Well, I don't see a siphon jet. Only the flush hole in the bottom of the toilet. The toilet is probably the original to the house making it about 40 years old. 

I also just poured about 1/2 bottle of CLR into the overflow tube in the tank and it flushed just fine on the first flush. Second flush went back to not flushing the bowl all the way. 

I really don't want to have to pull the toilet. Should I try a snake down through there? 

Could it be that the tank stuff needs replaced. Seems like that has to be something to do with it since it will flush just fine after pouring CLR into the tank tube. :confused1:


----------



## oh'mike (Sep 18, 2009)

Sounds like the toilet is all limed up---

If it flushes fine with a bucket of water--and flushed Okay after you delime it--then the toilet is shot---Get a new toilet or delime the thing again--but it sounds like a lost cause--

Keep a bucket of water handy until you can get that fixed--Mike----


----------



## Homerepairguy (Aug 1, 2010)

crojack said:


> Well, I don't see a siphon jet. Only the flush hole in the bottom of the toilet. The toilet is probably the original to the house making it about 40 years old.
> 
> I also just poured about 1/2 bottle of CLR into the overflow tube in the tank and it flushed just fine on the first flush. Second flush went back to not flushing the bowl all the way.
> 
> ...


Regarding CLR, I personally think it's a useless product. I've tried it on calcium deposits and soaked the deposits with paper towels saturated with CLR for hours. The CLR did nothing. Vinegar did better than CLR.

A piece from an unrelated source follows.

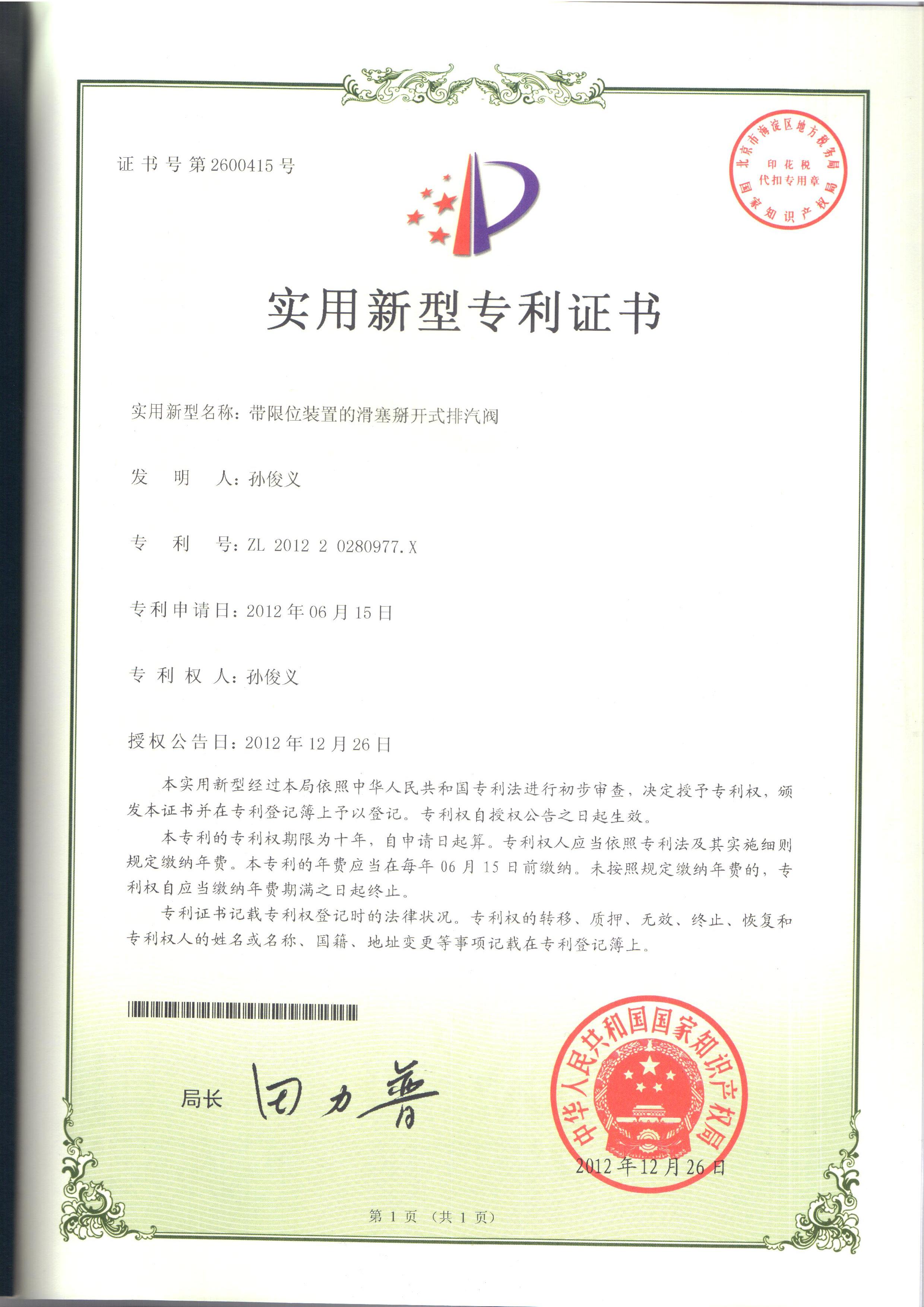 曾荣获带限位装置的滑塞掰开式排汽阀实用新型专利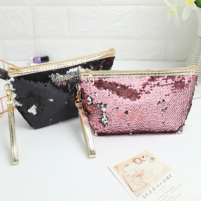 亮片化妆包收纳包手提便携可爱洗漱包旅行时尚收纳袋可

As far as pouring CLR into the overflow tube, the volume is so small that I doubt that the CLR really saturated much of the rim path. I suspect that pouring the CLR into the overflow tube is just ending up filling the water level in the bowl to maximum height, which then allows the flush to work.

Maybe try this. 

..... 1. "Slowly" pour water directly into the bowl until the level won't rise any higher. 

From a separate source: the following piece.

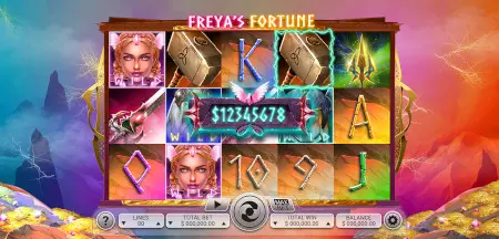 The theme of Freya's Fortune is Norse Mythology. You will be taken to a world where you'll see and hear cracking and rumbling sounds with thunder going on, as Thor restlessly beats his famous hammer. There are vivid colors in the game, and great graphics.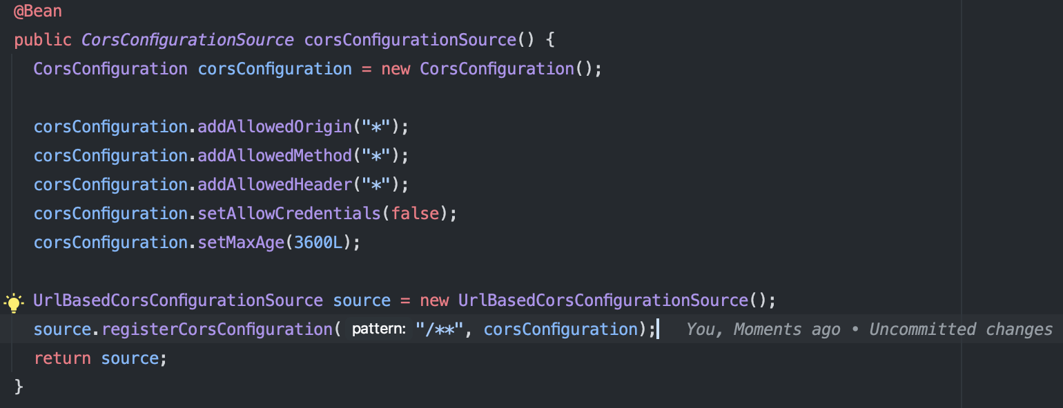 스프링부트 2.4.0부터 AllowCredentials가 true일때는 AllowdOrigin에 *를 추가할 수 없고, 대신 AllowOriginPattern을 사용해야 한다고 한다

..... 2. Then dump (quickly) 1.5 gallons of water into the bowl from a bucket. No need to use more than 1.5 gallons of water even in old toilets. Does it flush completely? If so, repeat step-1 but flush the toilet in place of step-2. Does it flush completely?

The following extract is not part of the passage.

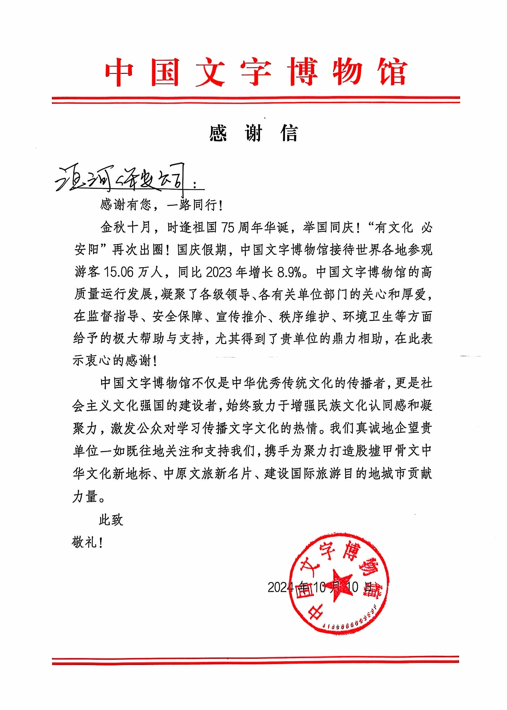 中國文字博物館自2009年建成至今與我公司已合作了15年之久,長期以來給予我公司保安服務工作以大力支持,下一步我們將繼續(xù)為中國文字博物館提供優(yōu)質的保安服務,不忘初心,再接再厲,不斷提升“洹河保安”的良好形象。

If both tests end up flushing the toilet completely, it could be that the fill tubing that goes from the fill valve to the overflow tube is not supplying enough water to completely fill the bowl with water, regardless of the height of the water level in the tank. In that case, you may have to replace the fill valve assembly.

FWIW, our 41 year old toilet flushes completely with a "small" whoosh when I dump 1 gallon of water into it. Dumping 1.5 gallons of water into the bowl flushes completely with a slightly bigger whoosh. But complete flushing with a whoosh "requires" that the water level in the bowl be at maximum height before the flush. (I use 1 gallon of water in a pitcher to evacuate the water in the bowl when I clean the toilet.)

Just some other tests to try,
HRG


----------



## Alan (Apr 12, 2006)

Siphon jet is toward the front of the bowl as shown in this picture. I've found lots with pennies lodged in there, and they just wont work anymore with that kind of situation going on.

http://www.terrylove.com/wc/toto/874cut.jpg


----------



## ben's plumbing (Oct 6, 2011)

yep 40 yr old commode should have a syphon jet in front at bottom to push water over the trap.....clean this opening up ....commode will flush fine...:yes:


----------